EBS snapshot sharing
Cybercrime groups such as Scattered Spider and Storm-0501 abuse the “snapshot sharing technique,” creating a high-impact IaaS attack vector in the process. This approach bypasses traditional network security by weaponizing the cloud’s management layer.
Rather than downloading malicious files, the adversary creates a snapshot of the victim server’s entire hard drive and simply shares it using the ModifySnapshotAttribute API with an external cloud account the attacker controls. Then the attacker restores the snapshot and then perform attacks such as offline credential dumping, etc.
Trust abuse via Entra ID tenant relationships
China-nexus actor Murky Panda compromised upstream IT service providers to silently pivot into downstream victims through trusted Entra ID (formerly Azure AD) tenant connections. Hacking into Entra ID tenant configurations to gain admin privileges is also a feature of ransomware group Storm-0501’s tradecraft.
Pulling secrets directly from cloud vaults
Groups such as Storm-0501 have abused cloud-native secrets stores such as AWS Secrets Manager to harvest credentials as part of its broader ransomware and extortion campaigns.
Instead of dumping credentials from endpoints, attackers query secrets directly through cloud APIs. This avoids endpoint detection and shifts the attack into places many security teams monitor less closely, if at all.
Touching the void
Malicious actors have even built cloud-native malware made up of custom loaders, implants, rootkits, and modular plugins, and designed to achieve persistence on compromised targets.
For example, the VoidLink malware is a highly advanced framework that is purpose-built to compromise major cloud infrastructures such as AWS, Azure, GCP, and Kubernetes clusters. The framework, apparently built and maintained by Chinese-affiliated developers, was first identified by researchers from Check Point.
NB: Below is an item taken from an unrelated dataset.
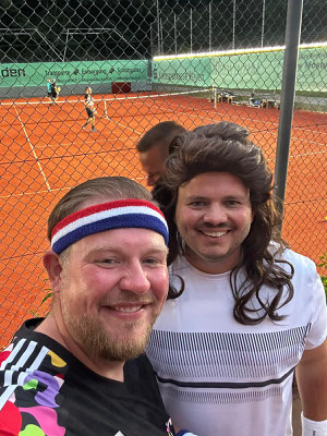 Am Samstag fand dann ab 10.00 Uhr das Tennisturnier statt, welches im Doppelmodus und im Zeitmodus 2 x 20 Minuten ausgetragen wird. Nach harten und hochklassigen Spielen standen um 16.00 Uhr die Sieger Matthias Meid und Marc Geurten aus Nickenich fest.

Reasearches have said that VoidLink has been developed by a single person with assistance from an artificial intelligence (AI) model. It specifically targets linux/unix systems and it shows how AI has industrialized cybercrime. What once required skilled operators and time can now be bought, automated, and scaled globally withing as little as a few weeks.
Conclusions
Threat actors are clearly achieving the upper hand by utilizing cloud and AI to scale their operations. More security layers are required to stay ahead of this trend. If the enterprise has not augmented its security posture over the last few years, it is woefully behind. This is especially true with the hybrid and remote work, cloud first, culture that as spread throughout the workforce.